Early versions of Claude actually used RAG. So we, like, indexed the code base […] just off-the-shelf RAG, and that worked pretty well. […] eventually, we landed on just agentic search as the way to do stuff […] it outperformed everything. By a lot. […] Just using regular code searching, you know, glob, grep, just regular code search. […] And then the second one was there was this whole, like, indexing step that you have to do for RAG. And there’s a lot of complexity that comes with that because the code drifts out of sync. And then there’s security issues because this index has to live somewhere. And then, you know, what if that provider gets hacked? And so it’s just a lot of liability for a company to do that. […] we don’t want to upload it to a third-party thing.

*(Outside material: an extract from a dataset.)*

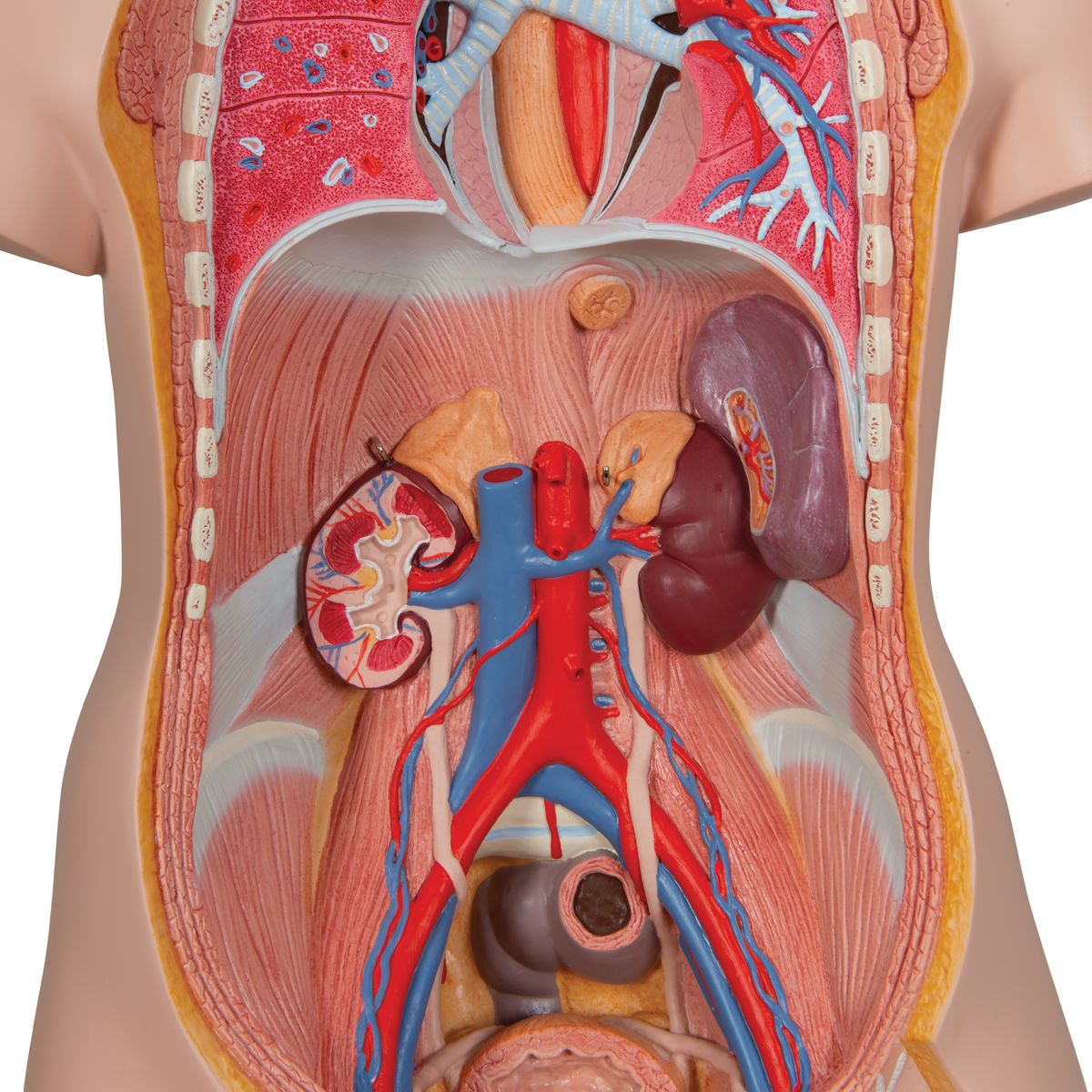 Базируется на школьной модели торса В11. Модель предназначена для студентов. Открытая спина от мозжечка до копчика. Позвоночник, межпозвонковые диски, спинной мозг, спинномозговые нервы, позвоночные артерии и многое другое показаны очень детально. Торс имеет: голова (7 частей) 2 легких с грудно-реберным сочленением сердце (2 части) желудок (2 части) печень с желчным пузырем кишечник (4 части) передняя часть почек и мочевого пузыря дополнительно к В11 имеет 7-съёмных грудных позвонков Поставляется с руководством к торсам (В01).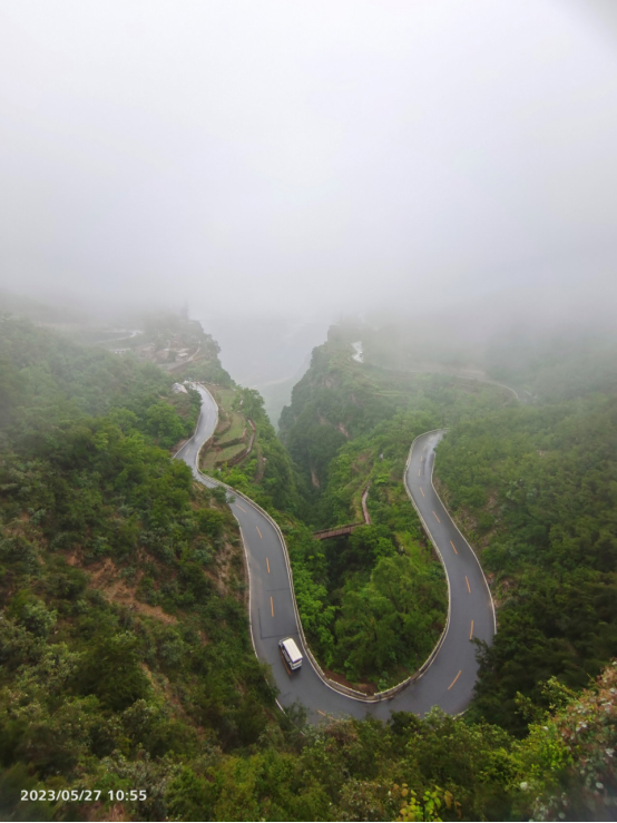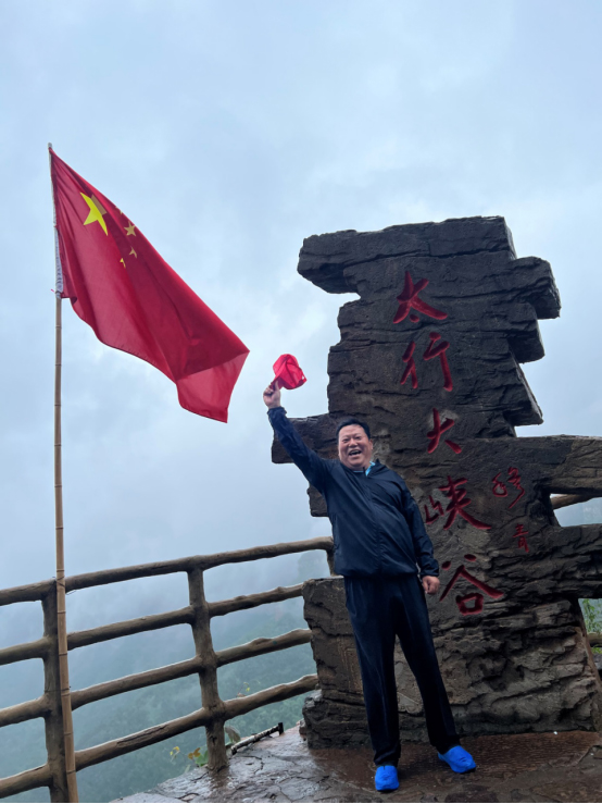 第二天游覽太行大峽谷風景。雨中的太行山淫雨霏霏,云霧裊裊,又是另一番浪漫與壯觀。全體佳程人秉著不服輸勇于挑戰(zhàn)的精神,成功登頂:

It could be a first-party thing. But then we still have this out-of-sync issue. And agentic search just sidesteps all of that. So essentially, at the cost of latency and tokens, you now have really awesome search without security downsides.

Agentic search is just grep in a loop with a marketing team. No preprocessing, no infra glue, no composite systems. Just stuff the context window, burn tokens, and sidestep the maintenance mess. The subtext is that models are getting bigger and windows are getting longer, so infrastructure doesn’t matter. Just scale the model and let it figure it out.

But a bigger window doesn’t fix bad inputs, so I pushed back. I’d heard a version of this argument before, but saying the models were getting too good. Last year, in a different room, and with a politician’s spin from Senator Scott Wiener.

Back in the ancient days of AI, in early 2024, Wiener proposed SB 1047, a bill to regulate large-scale AI systems: FLOP limits, training budget thresholds, etc. The idea was to contain dangerous models by putting boundaries around them.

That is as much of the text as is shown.